It was great to see everyone.  Talk to you again soon!


----------



## Quickbeam (May 18, 2003)

Well, the weekend didn't come off quite like I'd hoped for or planned, but that doesn't mean the event wasn't a success in my eyes.  The 2nd Gameday was every bit as enjoyable as the 1st, albeit in entirely different regards.

dshai527 did a fantastic job of running a spontaneous 3E adventure for 7th level PC's.  The game included some new magic items created on the spot; bizarre and previously unseen monsters/beasts; an evil blight which was destroying the forest and could turn folks into nearly undead creatures.  The cast  of characters was equally entertaining, ranging from a druid equipped with two _Bags of Tricks_ (who seemed remarkably adept at pulling rhinos out of said bags), to a half-orc barbarian whose favorite pasttime was pulling tree stumps out of the ground and eating parts of his slain foes.  Personally, I will never forget the _Sword of the Phoenix_ given to my Ranger/Rogue, or my first (at long last) chance to play a Rogue in 3E.
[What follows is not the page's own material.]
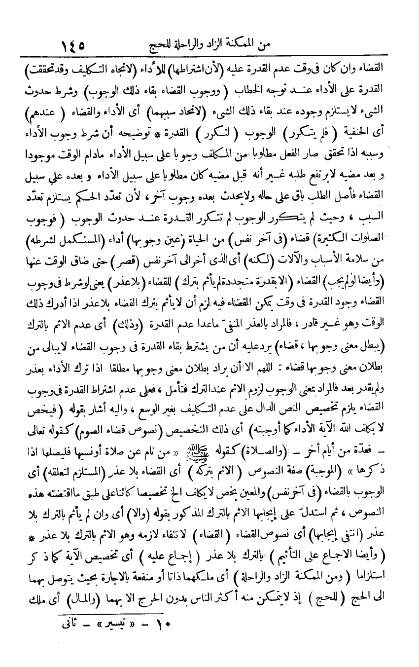 الْقَضَاء وَإِن كَانَ فِي وَقت عدم الْقُدْرَة عَلَيْهِ (لِأَن اشْتِرَاطهَا) للْأَدَاء (لاتجاه التَّكْلِيف وَقد تحققت) الْقُدْرَة على الْأَدَاء عِنْد توجه الْخطاب (وَوُجُوب الْقَضَاء بَقَاء ذَلِك الْوُجُوب) وَشرط حُدُوث الشَّيْء لَا يسْتَلْزم وجوده عِنْد بَقَاء ذَلِك الشَّيْء (لِاتِّحَاد سَببهَا) أَي الْأَدَاء وَالْقَضَاء (عِنْدهم) أَي الْحَنَفِيَّة (فَلم يتَكَرَّر) الْوُجُوب (لتكرر) الْقُدْرَة توضيحة أَن شَرط وجوب الْأَدَاء وَسَببه إِذا تحقق صَار الْفِعْل مَطْلُوبا من الْمُكَلف وجوبا على سَبِيل الْأَدَاء مَا دَامَ الْوَقْت مَوْجُودا وَبعد مضيه لَا يرْتَفع طلبه غير أَنه قبل مضيه كَانَ مَطْلُوبا على سَبِيل الْأَدَاء وَبعده على سَبِيل الْقَضَاء فَأصل الطّلب بَاقٍ على حَاله وَلَا يحدث بعده وجوب آخر، لِأَن تعدد الحكم يسْتَلْزم تعدد السَّبَب، وَحَيْثُ لم يتَكَرَّر الْوُجُوب لم تَتَكَرَّر الْقُدْرَة عِنْد حُدُوث الْوُجُوب (فوجوب الصَّلَوَات الْكَثِيرَة) قَضَاء (فِي آخر نفس) من الْحَيَاة (عين وُجُوبهَا) أَدَاء (المستكمل لشرطه) من سَلامَة الْأَسْبَاب والآلات (لكنه) أَي الَّذِي أخر إِلَى آخر نفس (قصر) حَتَّى ضَاقَ الْوَقْت عَنْهَا (وَأَيْضًا لَو لم يجب) الْقَضَاء (إِلَّا بقدرة متجددة لم يَأْثَم بترك) للْقَضَاء (بِلَا عذر) يَعْنِي لَو شَرط فِي وجوب الْقَضَاء وجود الْقُدْرَة فِي وَقت يُمكن الْقَضَاء فِيهِ لزم أَن لَا يَأْثَم بترك الْقَضَاء بِلَا عذر إِذا أدْرك ذَلِك الْوَقْت وَهُوَ غير قَادر، فَالْمُرَاد بالعذر الْمَنْفِيّ مَا عدا عدم الْقُدْرَة (وَذَلِكَ) أَي عدم الْإِثْم بِالتّرْكِ (يبطل معنى وُجُوبهَا، قَضَاء) يرد عَلَيْهِ أَن من يشْتَرط بَقَاء الْقُدْرَة فِي وجوب الْقَضَاء لَا يُبَالِي من بطلَان معنى وُجُوبهَا قَضَاء: اللَّهُمَّ أَلا أَن يُرَاد بطلَان معنى وُجُوبهَا مُطلقًا إِذا ترك الْأَدَاء بِعُذْر وَلم يقدر بعد فَالْمُرَاد بِمَعْنى الْوُجُوب لُزُوم الْإِثْم عِنْد التّرْك فَتَأمل، فعلى عدم اشْتِرَاط الْقُدْرَة فِي وجوب الْقَضَاء يلْزم تَخْصِيص النَّص الدَّال على عدم التَّكْلِيف بِغَيْر الوسع، وَإِلَيْهِ أَشَارَ بقوله (فيخص لَا بكلف الله الْآيَة الْأَدَاء كَمَا أوجبته) أَي ذَلِك التَّخْصِيص (نُصُوص قَضَاء الصَّوْم) كَقَوْلِه تَعَالَى - {فَعدَّة من أَيَّام أخر} - (وَالصَّلَاة) كَقَوْلِه صلى الله عَلَيْهِ وَسلم " من نَام عَن صَلَاة أَو نَسِيَهَا فليصلها إِذا ذكرهَا " (الْمُوجبَة) صفة النُّصُوص (الْإِثْم بِتَرْكِهِ) أَي الْقَضَاء بِلَا عذر (المستلزم لتَعَلُّقه) أَي الْوُجُوب بِالْقضَاءِ (فِي آخر نفس) والمعين يخص لَا يُكَلف الخ تَخْصِيصًا كَائِنا على طبق مَا اقتضته هَذِه النُّصُوص، ثمَّ اسْتدلَّ على إِيجَابهَا الْإِثْم بِالتّرْكِ الْمَذْكُور بقوله (وَإِلَّا) أَي وَإِن لم يَأْثَم بِالتّرْكِ بِلَا عذر (انْتَفَى إِيجَابهَا) أَي نُصُوص الْقَضَاء (الْقَضَاء) لانْتِفَاء لَازِمَة وَهُوَ الْإِثْم بِالتّرْكِ بِلَا عذر (وَأَيْضًا الْإِجْمَاع على التأثيم) بِالتّرْكِ بِلَا عذر (إِجْمَاع عَلَيْهِ) أَي تَخْصِيص الْآيَة كَمَا ذكر استلزاما (وَمن الممكنة الزَّاد وَالرَّاحِلَة) أَي ملكهمَا ذاتا أَو مَنْفَعَة بِالْإِجَارَة بِحَيْثُ يتَوَصَّل بهما إِلَى الْحَج (لِلْحَجِّ) إِذْ لَا يتَمَكَّن مِنْهُ أَكثر النَّاس بِدُونِ الْحَرج إِلَّا بهما (وَالْمَال) أَي ملك

In the second session I was able to run Monte Cook's d20 CoC adventure _Infest_, which was a blast for me!  The game went so well, our group continued playing right into the beginnings of _Nocturnum_ (one of the donated books), and will probably resume the campaign at the next Gameday.  Perhaps my favorite part of the game was that each player created their character on the spot, sharing information along the way...yet somehow PC names were never discussed.  When the session began I asked for each "Investigator's" name.  The replies were: John (archeaologist), Jon (ex-soldier and sneaky boy scout), James (P.I.), and Jean (the French musician).  Thankfully, Jean became David and British, while John changed his name to Peter.  Still it gave me quite a laugh !!
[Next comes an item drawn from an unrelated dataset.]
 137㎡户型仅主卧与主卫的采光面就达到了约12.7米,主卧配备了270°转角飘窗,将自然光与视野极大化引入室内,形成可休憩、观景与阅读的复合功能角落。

It was nice to see some familiar faces once again, although I'm sorry to hear about the issues surrounding some of the last minute cancellations.  Special thanks to Crothian for being so generous with the various sponsor swag -- I swear that _Nocturnum_ has found a good home !

Take care all, and I hope to see everyone again this autumn...if not sooner at GenCon or another nearby Gameday.

*edit:*
Clear Dragon -- care to explain the grilled otyugh comment?


----------



## Jeph (May 18, 2003)

*Re: Re: Ohio Gameday 2: Another Success*



			
				fba827 said:
			
		

> *
> 
> I'm jealous.
> 
> ...




Well, then c'mon down to NC Gameday #2 in August! It's only a state away.


----------



## Quickbeam (May 18, 2003)

A quick, BTW request for the folks that played in my CoC game yesterday: Please don't read Joshua Dyal's "Detroit Cthulhu" Story Hour thread, as well written and intriguing as it may be.  Or, read it, and then promise to forget everything before the next Ohio Gameday .  Your group will be following much the same path and story arc should we continue this little journey in horror and madness.


----------



## Kaffis (May 18, 2003)

ashockney, I'll flip through my book and check a few things, and then be back with more detailed feedback and suggestions. Just from the feel of play though, I really liked the system, and think that with some tweaking on the characters it could have been a bit more epic (trading blows back and forth like we were talking about) and a bit more challenging. The storyline was great (but what else could be expected from just ripping it wholesale from the comics?  ), and was translated into playability well.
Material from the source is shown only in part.